This is another, less elegant solution. Instead of going to the stud bushing, the ground goes to the bridge post. The trouble is that it's visible. It didn't bother me very much but it is somewhat out of the ordinary. This was a 65 with studs and a Bigsby. There was no ground wire to the Bigsby, so we can only assume that it was added and somebody broke the original ground wire.

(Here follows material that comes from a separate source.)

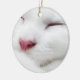 Lightweight, smooth, pure white ornament with nice sheen. Perfect size to be seen from across the room ... and to attract closer inspection! Price was great for ordering enough for the whole family! Clear, bold black design just as requested. Matches the order exactly. Just so nice!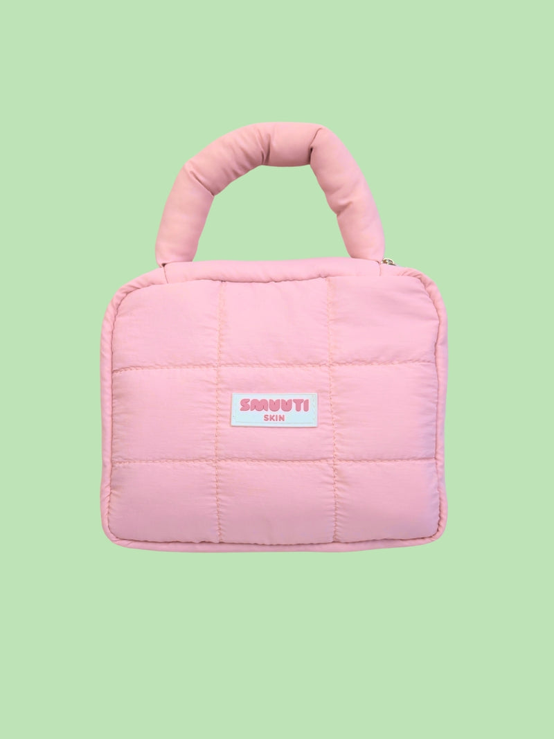 A cute, puffy beauty bag in a pastel pink hue that fits all of your Smuuti Skin products. Opens flat on a surface for easy access to your products. Inside, it has plenty of clear pockets for smaller items like hairbands or lip products.

6 Responses to “Ground Beef”

  1. Ollie says:

    What a coincidence! I’ve just had the harness out of my 355. this entry has brought back the shuddering nightmares that these things produce. Working out the earthing was the worst part! If only i’d left it a week. Still, I have a half decent system for replacing a harness now but i swear i’m never going to touch one again if i can help it.

  2. OK Guitars says:

    I’m with ya, man. If that was a stereo 355, you have my deepest sympathy.

  3. Chuso007 says:

    Thanks a lot for your post! I installed a B7 Bigsby on my 335, and all I thought of to ground it was to put a wire between the B7’s screw (near the spring) and the post, which is obviously still on it’s place, I never thought of drilling a hole to the strap button. Now I found the way of taking the posts off and sticking the “custom made” plate.

    Thanks again!

  4. RAB says:

    The quietest of my 3 guitars in terms of grounding is the 1962 Epi Riviera with the Tremotone vibrato tailpiece. It is dead quiet while the 1956 LP conversion and ’63 stop tail 355 both hum a little but not too badly…nowhere near as bad as single coils that’s for sure!

  5. Jonne says:

    Does grounding by bridge work if the saddles are nylon…?

  6. OK Guitars says:

    Good question. I’m not an expert in things electrical but I would say no. I believe the strings have to contact metal which contacts the ground.